Dataset items:

____________

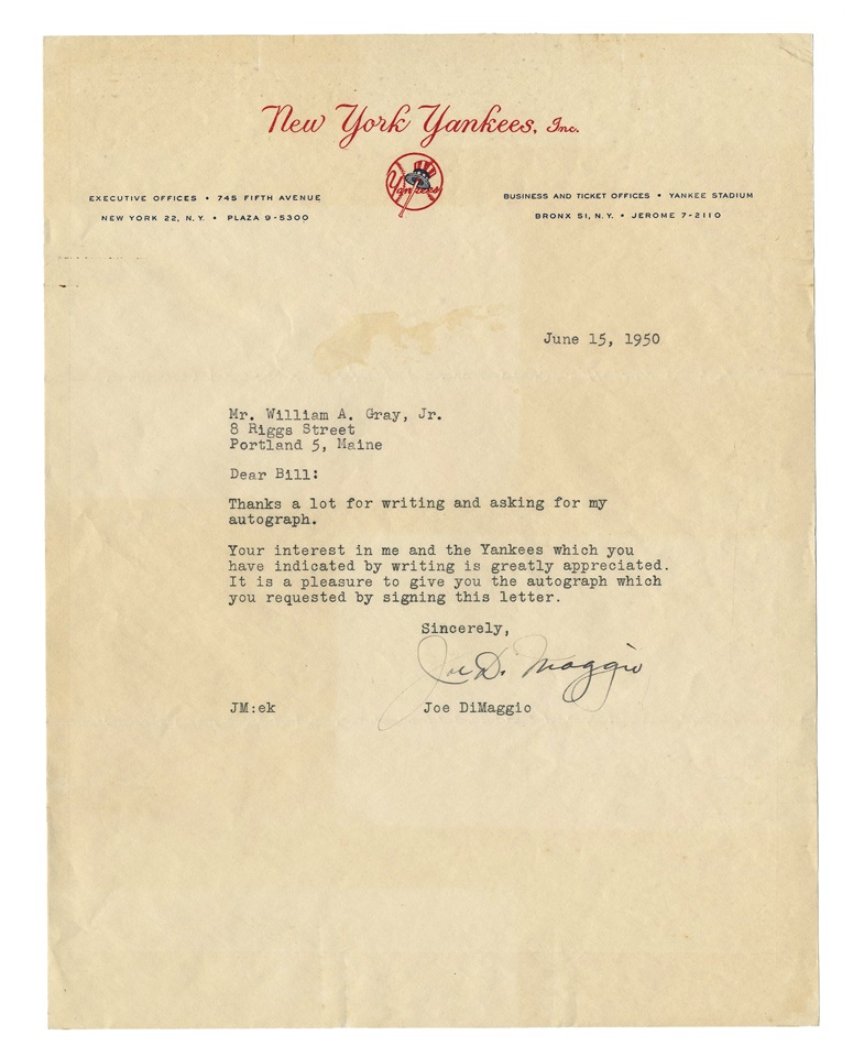 Joltin' Joe DiMaggio's last truly productive season was in 1950, when he helped the Yankees to another World Series championship over the "Whiz Kids" Phillies. The Hall of Famer batted .301 with 32 home runs, 122 RBI and an AL-best .585 slugging percentage. But when he wasn't punishing the ball, DiMaggio made time for his fans, as this typed letter illustrates. This is a rarity by today's standards - a superstar actually writing a thank-you letter to a fan asking him for his autograph. The letter has typical mailing fold but otherwise is EX. Signature in black ink grades 7/10.
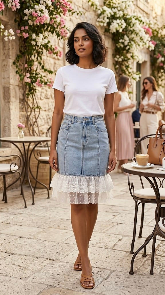 Lace-Hem Denim Diva: Vintage Wash Midi Skirt
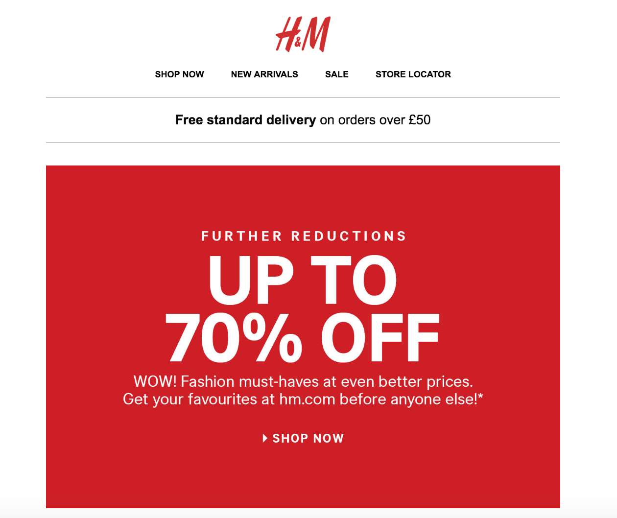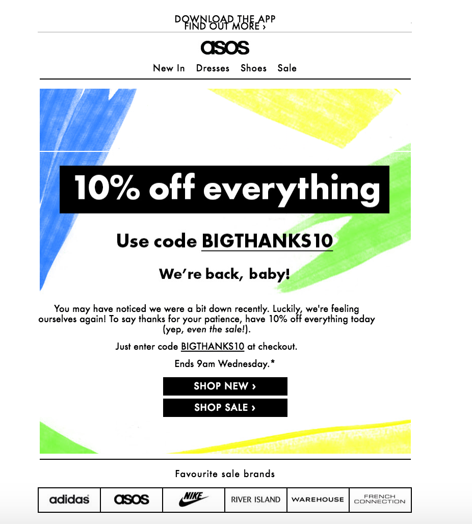 A discount code, like the one ASOS provided, may be the right reward for loyal customers, especially if it’s an exclusive deal for the email subscribers. This way they will also keep an eye on future mails, which increases the chances of future effective email campaigns.
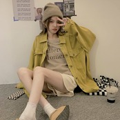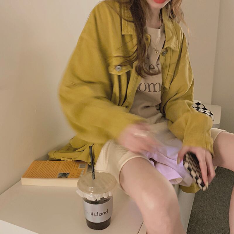 スプリング秋物韓国ファッションルーズスタンダードカーディガンイエロージャケット レディース レトロ 春物 オータム コーデ marchs6733895779369
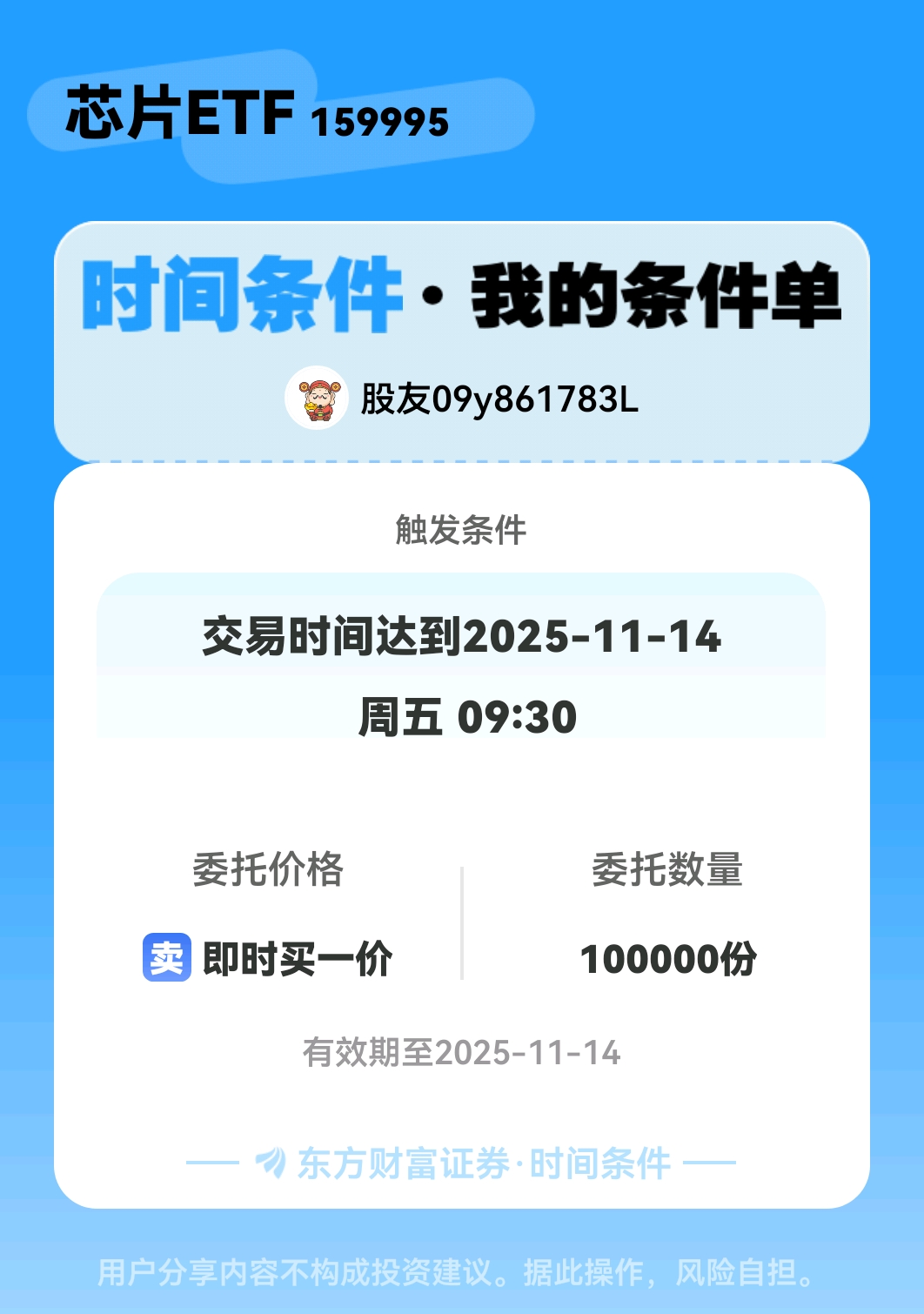 #条件单交流# #时间条件晒单# 一位股神设置了一个时间条件条件单,接下来就是见证奇迹的时刻~$芯片ETF(SZ159995)$
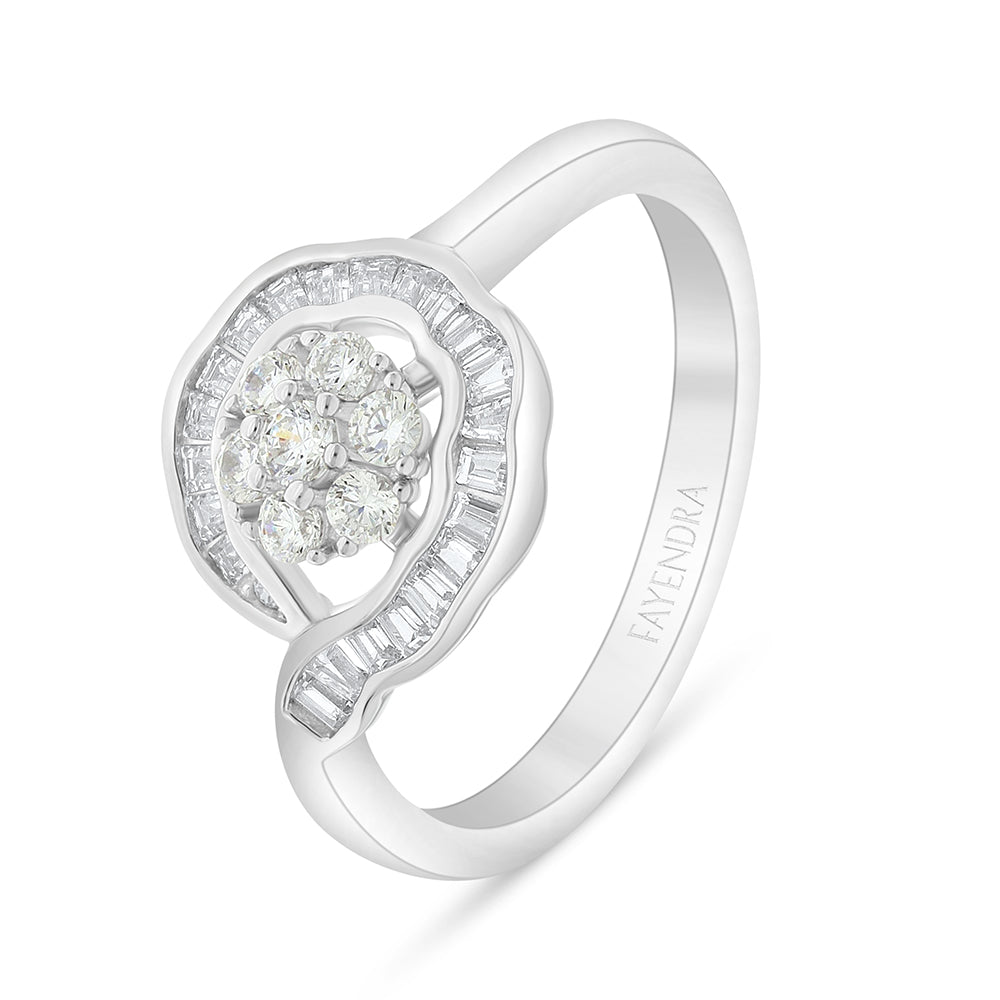 Total Weight: 2.7g تألّقي بإطلالة تخطف القلوب مع هذا الخاتم الاستثنائي من فايندرا، حيث يلتقي التصميم العصري برونق الفخامة. مصنوع بإتقان من الفضة الخالصة عيار 925 ومُغطى بطبقة روديوم فاخرة تحافظ على بريقه الخاطف ومقاومته المثالية للتأكسد، ليبقى متألقًا معك في كل مناسبة. في قلب هذا التصميم الفريد، تتلألأ أحجار الزركون الكناري الألماسي بتوزيع دقيق يُحاكي بريق النجوم، مصقولة ببراعة بقصّة مستديرة تفيض إشراقًا وصفاءً. ويحتضن هذا البريق الساحر إطار متموّج وراقٍ، مرصّع بأحجار الزركون البيضاء المقطوعة بأسلوب باجيت الهندسي، لتُضفي بُعدًا بصريًا يخطف الأنفاس من كل زاوية. تناسق الأحجار ولمعة الروديوم وانحناءات التصميم تجعل من هذا الخاتم تحفة فنية تنبض بالرقي، وتمنحك لمسة أنثوية آسرة تعكس ذوقك الرفيع وشخصيتك المتألقة. اقتنيه الآن، ودعي لمستك الراقية تحكي قصّة أناقة لا تُنسى!

____________

WHAT TO DO: To complete this exercise, transcribe exactly the lines above from the one that holds "スプリング秋物韓国ファッションルーズスタンダードカーディガンイエロージャケット レディース レトロ" through the one that holds "#条件单交流# #时间条件晒单# 一位股神设置了一个时间条件条件单,接下来就是见证奇迹的时刻~$芯片ETF(SZ159995)$". Pictures stay out.

RESULT OF THE TASK:
 スプリング秋物韓国ファッションルーズスタンダードカーディガンイエロージャケット レディース レトロ 春物 オータム コーデ marchs6733895779369
 #条件单交流# #时间条件晒单# 一位股神设置了一个时间条件条件单,接下来就是见证奇迹的时刻~$芯片ETF(SZ159995)$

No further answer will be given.